Stewart and Wendy Danskin's beloved dog Molly

Stewart called the vet’s branch in Kirkcaldy and was advised to take the dog to Dunfermline.

"I arrived and called the receptionist who told me one of the vets would come out to the car. I sat for an hour and 20 minutes with Molly who was in discomfort.”

After hearing nothing, Stewart approached a vet to find out what was happening.

He said the surgery gave Molly a scan, adding: “They told us there was definitely something growing on the side of her liver and that it would be best for her to be put to sleep."

The next day Stewart called to find out his options and said he was told his dog would be cremated. Her ashes, along with others, could be scattered at a crematorium used by the vet, or he could take her home and bury her himself or, his pet could be cremated individually.

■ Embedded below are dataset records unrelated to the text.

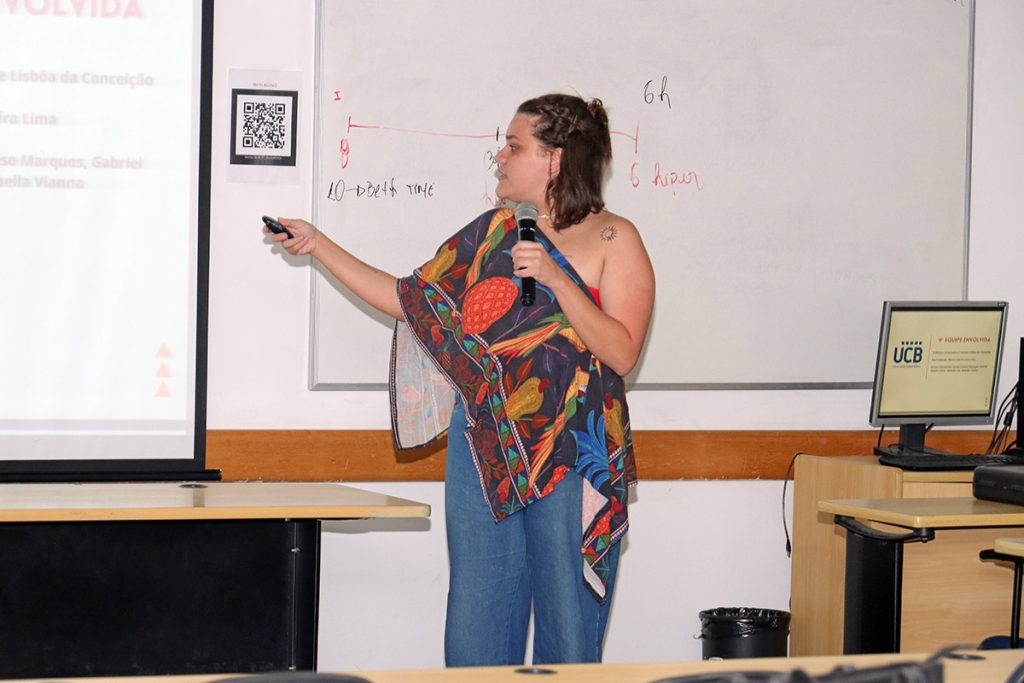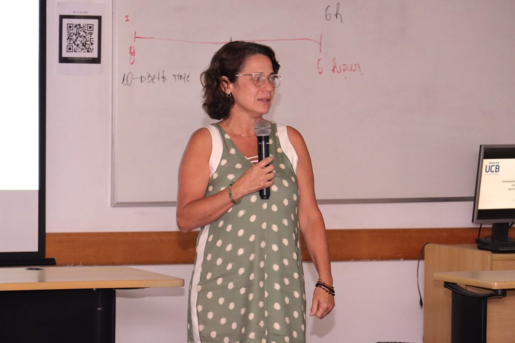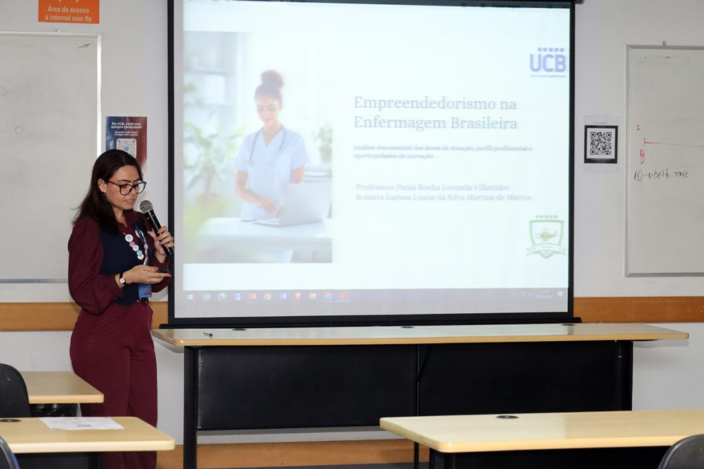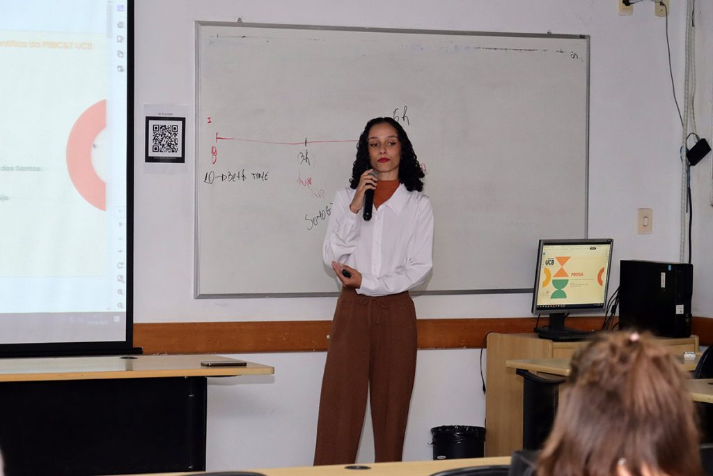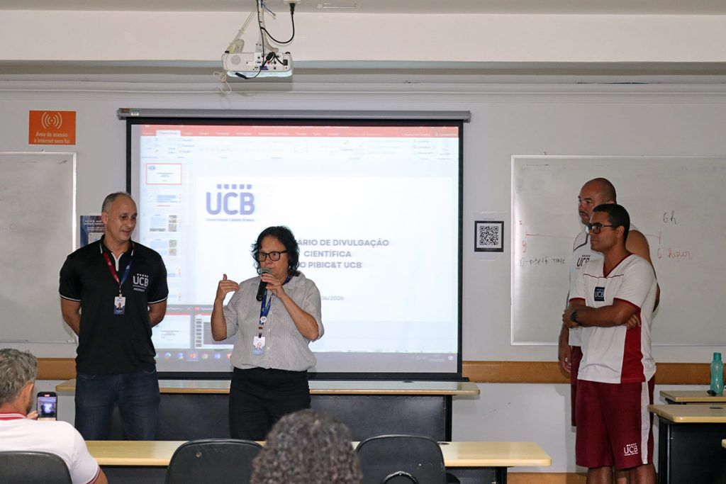 Professora Nádia Souza, responsável pela área de pesquisa da UCB, destacou a importância da iniciação científica na formação acadêmica. “O Programa Institucional de Iniciação Científica, o PIBIC, é fundamental na formação humana e profissional do aluno. Trata-se da inserção deles em atividades de pesquisa ainda na graduação, proporcionando uma experiência acadêmica e profissional”, afirmou.
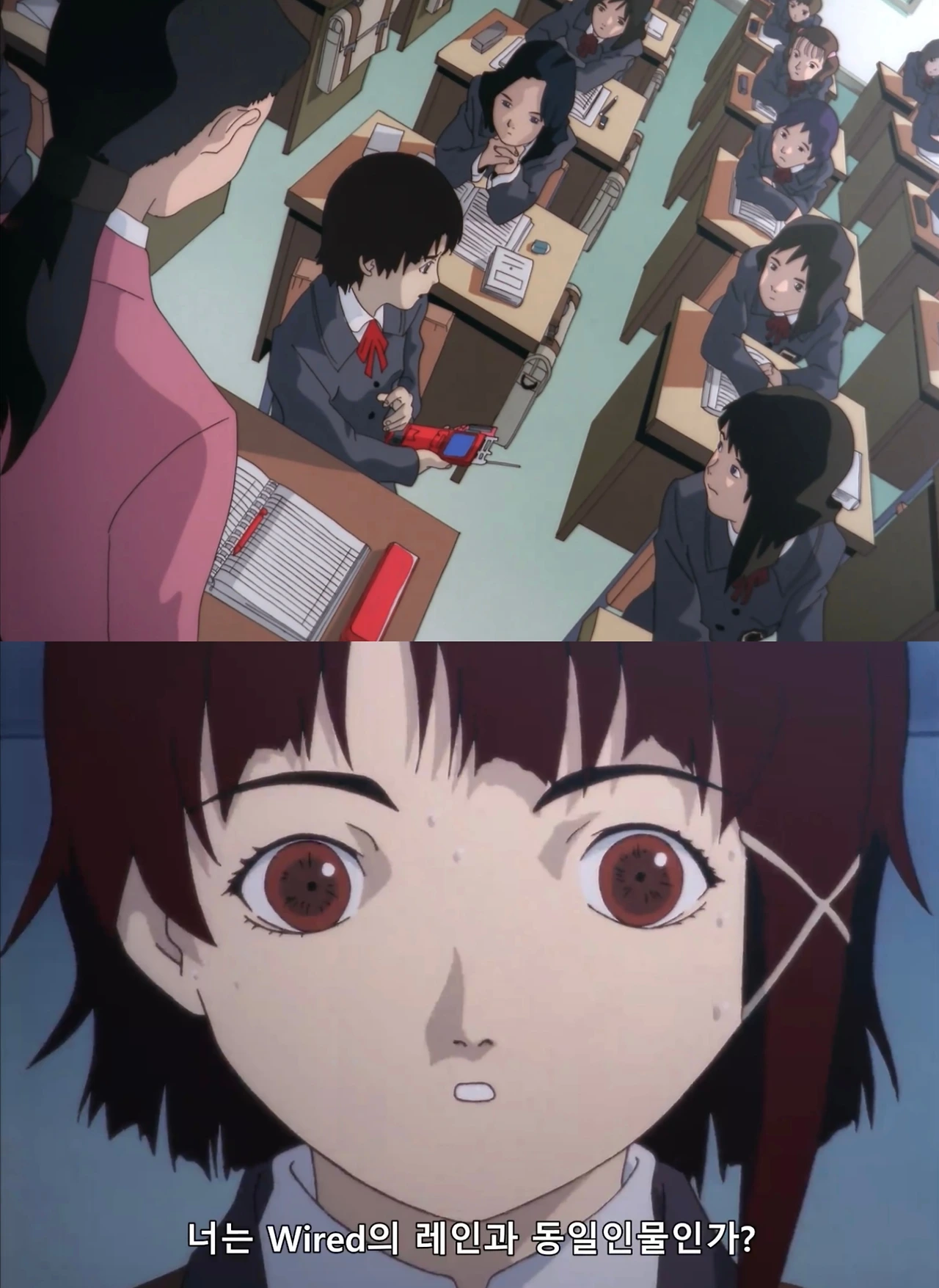 현실의 레인이 비밀을 유출했다는 오해 속에서 교실의 모든 시선이 그녀에게 꽂히는 이 오싹한 장면은, 네트워크 사회에서 개인이 얼마나 쉽게 가해자이자 피해자가 되는지를 보여준다. 연결된 모든 이들에겐 책임과 혐의가 부과되는 것이다.
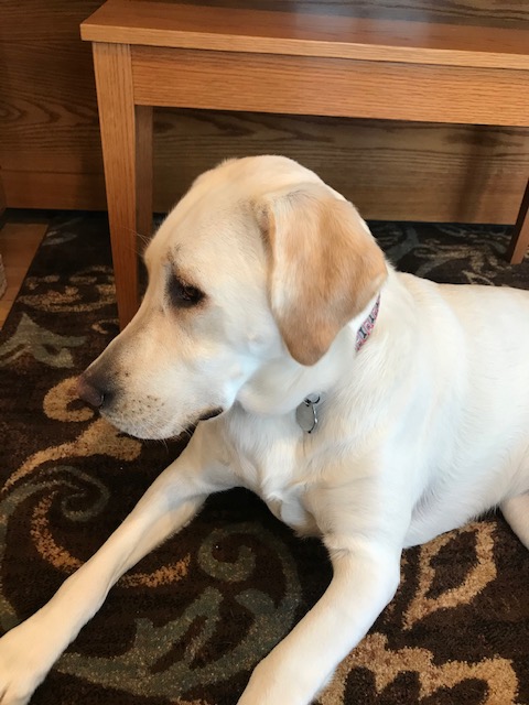 Molly, our 80 pound, yellow Labrador Retriever on the home team?
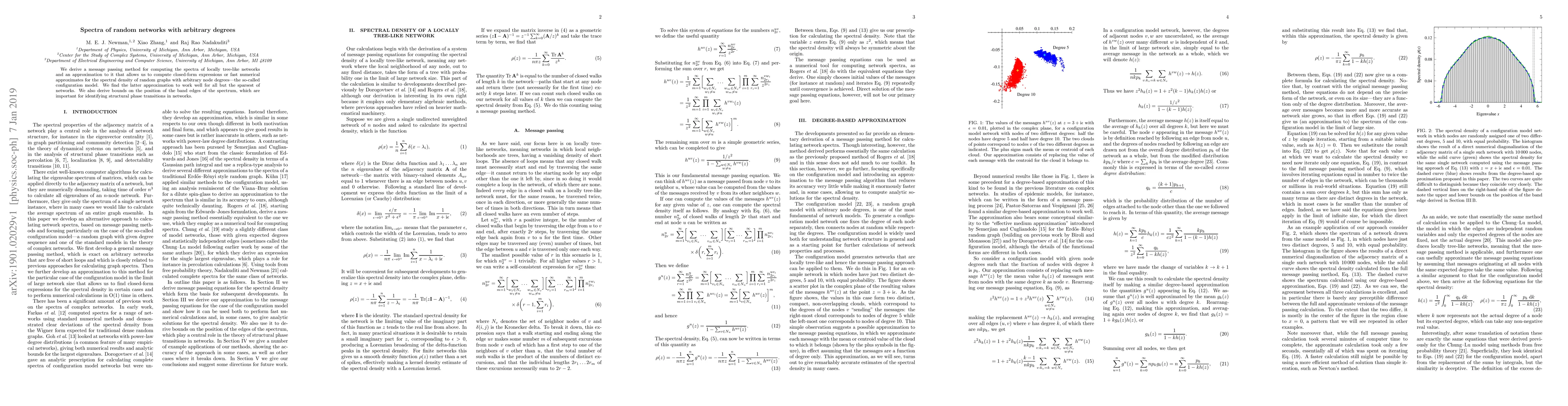 We derive a message passing method for computing the spectra of locally tree-like networks and an approximation to it that allows us to compute closed-form expressions or fast numerical approximates for the spectral density of random graphs with arbitrary node degrees -- the so-called configuration model. We find the latter approximation to work well for all but the sparsest of networks. We also derive bounds on the position of the band edges of the spectrum, which are important for identifying structural phase transitions in networks.
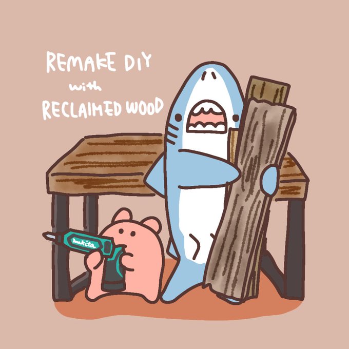 サメとメンダコDIY工房?🛠 #古材の日 #今日は何の日 #イラスト #サメとメンダコ
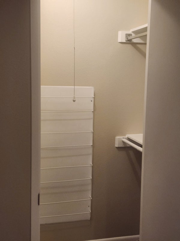 The room is unfurnished. Outside under the porch there are two industrial shelf-racks that are available if you need extra storage space.

Stewart said: "I told the receptionist we were planning to scatter her ashes on my mum’s grave.”

After hearing nothing, Stewart said he called several times, and a manager called him back.

He continued: "She was totally apologetic and said it appeared Molly’s ashes had been put in with all the other pets, and they would be investigating.

"They couldn’t explain why it had happened.

“As a family we are totally devastated as we intended to scatter her ashes on a family grave and some in Molly’s own garden.”

He added: “At the end of the day Molly is gone. The whole experience has been very stressful and upsetting.”

A spokeswoman for Inglis Veterinary Centres said their sympathies were with the family and they were investigating.

The spokeswoman said: “Our thoughts and sympathies are with the Danskin family at this upsetting time, and we are addressing any matters raised by them.”